From building his own ramps to representing Great Britain in Tokyo, freestyle BMX rider Alex Coleborn hopes next year’s Olympics can be a game-changer for the sport.
Alex Coleborn has spent half his life on a BMX bike. Having first picked one up as a 13-year-old growing up on Jersey he had to make do “building ramps out of mud” but next Summer he’ll appear on the biggest stage, representing Great Britain in Tokyo when freestyle BMX makes its Olympic debut alongside sport climbing and skateboarding.
It’s been far from an easy ride for the Jerseyman though. At 22 a nasty crash resulted in a broken hip that threatened to end his career just as he was getting started but since then he’s bounced back to podium finishes at competitions across the world including taking silver at the UCI Urban Cycling World Championships in 2017.
We caught up with the freestyler ahead of what could be the biggest year in his career so far.
You grew up on Jersey where there wasn’t much to promote BMX freestyling, I even read that you had to build your own ramps out of mud. What got you from being that kid to competing at the top of the game?
When I was younger BMX was never really a big thing in Jersey so you had to make the best of what you got.
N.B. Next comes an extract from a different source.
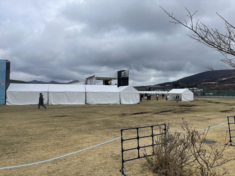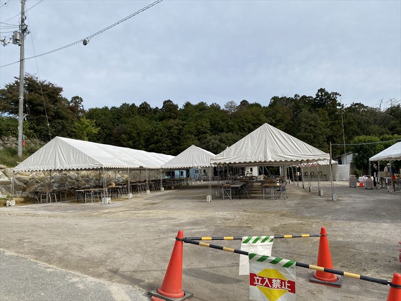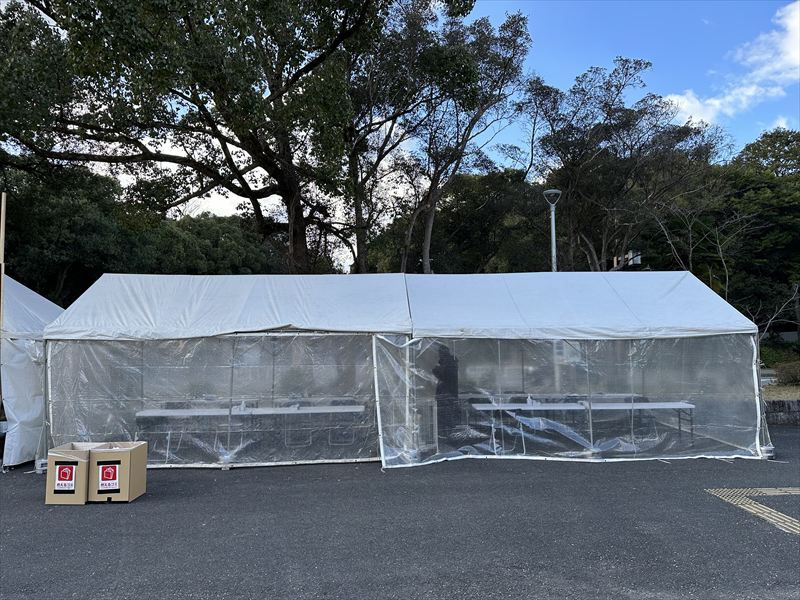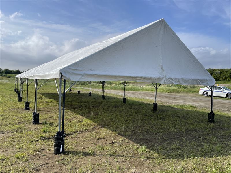 | 備考 | ご利用の際は各脚に重りとなるようなもの(ウェイト等)を乗せて頂かないと、風等で飛ばされ、倒れる事故に繋がりますので、レンタルかご用意の程、よろしくお願いします。 |

In my younger years building ramps out of mud with my mates was where we had fun. I knew that I had a massive passion for the sport from the moment I picked up a bike and started messing around but never would I have imagined it would lead me to where I am today.
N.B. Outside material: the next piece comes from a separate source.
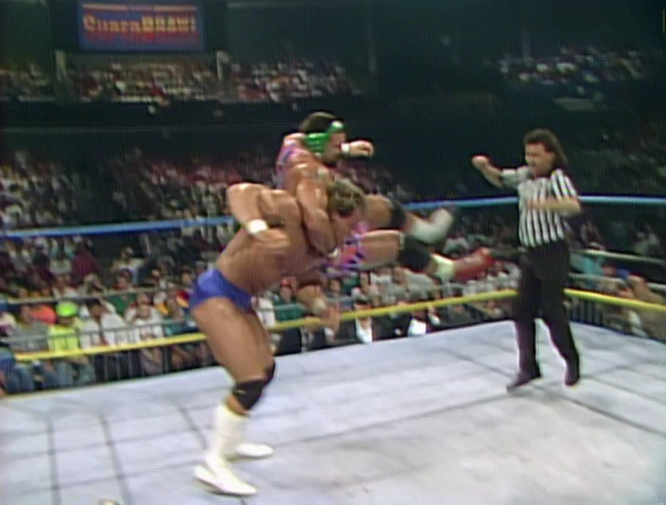 On the ramp, Tony Schiavone and Missy Hyatt interview the Z-Man. Due to a torn bicep, Z-Man has missed six weeks of action. According to a hotline poll, Hyatt will return to the wrestlers’ dressing room for an interview. We then revisit Hyatt’s first attempt back at WrestleWar ’91. As Hyatt throws a tantrum, Schiavone states that “all the fans are behind Missy Hyatt.” I hope they got inoculated afterward.

Where you are today is on the verge of competing at the Tokyo Olympics next Summer. That must be pretty surreal?
Yeah, it’s pretty crazy, it’s been an amazing opportunity so far. Being part of the British cycling team is completely different to anything I’ve ever experienced. The amount of support received, from management to physio is unreal. I still get to do what I love which is BMX so to me it’s not really a different set up more of a bigger support system.
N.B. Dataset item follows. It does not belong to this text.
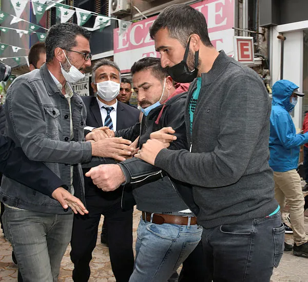 Bazı partililer uzaklaştırılmak istenen vatandaşın üzerine yürüdü. Vatandaş ve partililer arasında arbede yaşandı.

The inclusion of skateboarding in the Olympics is proving really divisive in that community out of fear it’s going to sanitise the sport. Are you worried about that at all for BMX?
I don’t think being in the Olympics is going to change the sport whatsoever. I think it will only do it good. Getting a younger generation of kids into riding, that’s what it’s all about. We do this because it’s what we are passionate about. The hard work and effort every rider puts in deserves its recognition and finally we are able to see that in Tokyo 2020.
Last month you were competing at NASS Festival which really brought together some massive names in music with the best of BMX and Skate. Did you think BMX would ever be so popular as to share a stage with the likes of Cypress Hill?
I think with BMX it’s always growing, there are more people getting involved and I think it’s sick that we can bring together the sport and the music in one weekend.
Freestyling requires taking a lot of risks and being willing to really put your body on the line. What gets you back on the bike when you’ve crashed?
Any sport is going to have risks. I’ve had some pretty nasty crashes over the years but my determination and passion to get back on my bike is the only way to conquer any fear you have.